The data Start Marker

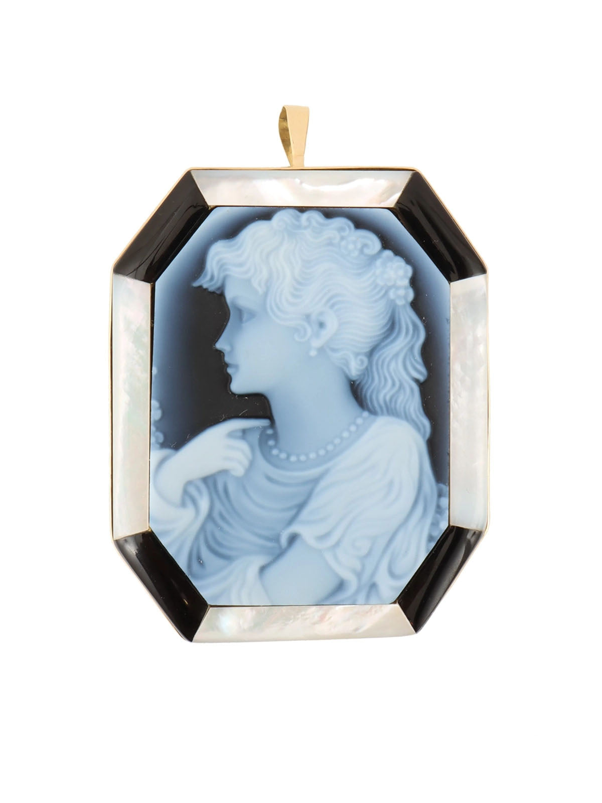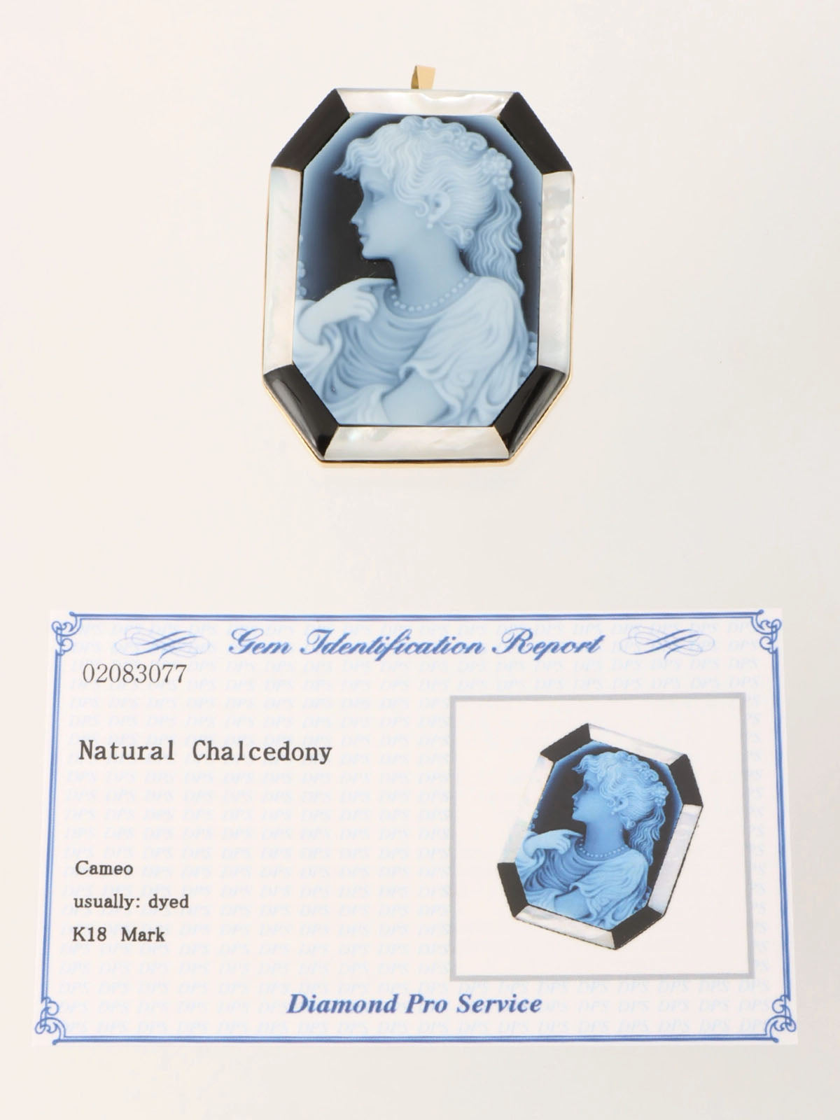 18Kダイヤモンドカメオ2wayブローチ ホワイト/ブラック/ゴールド
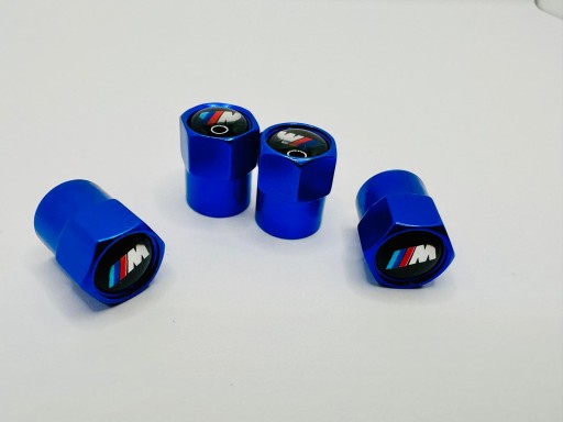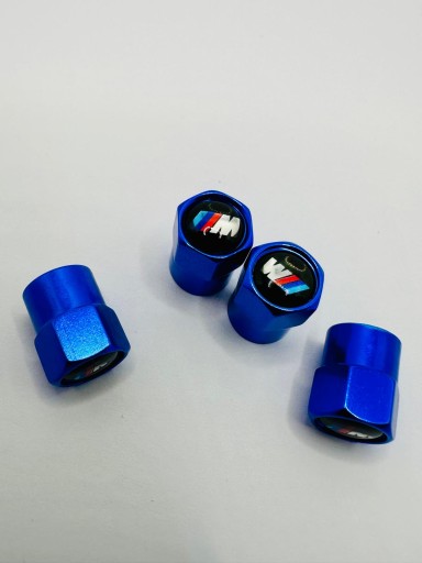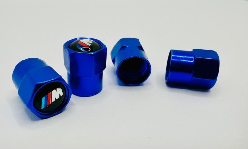 Zestaw 4szt nakrętek w kolorze niebieskim na wentyle samochodowe z oznaczeniem MPOWER
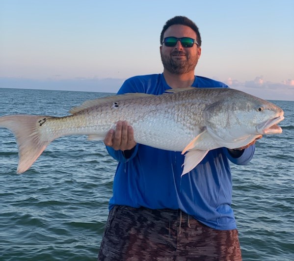 Dooley caught this huge redfish while schooling at the Cameron jetties on Aug. 16, 2022.

The data End Marker

:: Your instructions ::
Write out all the data exactly, minus pictures.

:: Final answer ::
 18Kダイヤモンドカメオ2wayブローチ ホワイト/ブラック/ゴールド
 Zestaw 4szt nakrętek w kolorze niebieskim na wentyle samochodowe z oznaczeniem MPOWER
 Dooley caught this huge redfish while schooling at the Cameron jetties on Aug. 16, 2022.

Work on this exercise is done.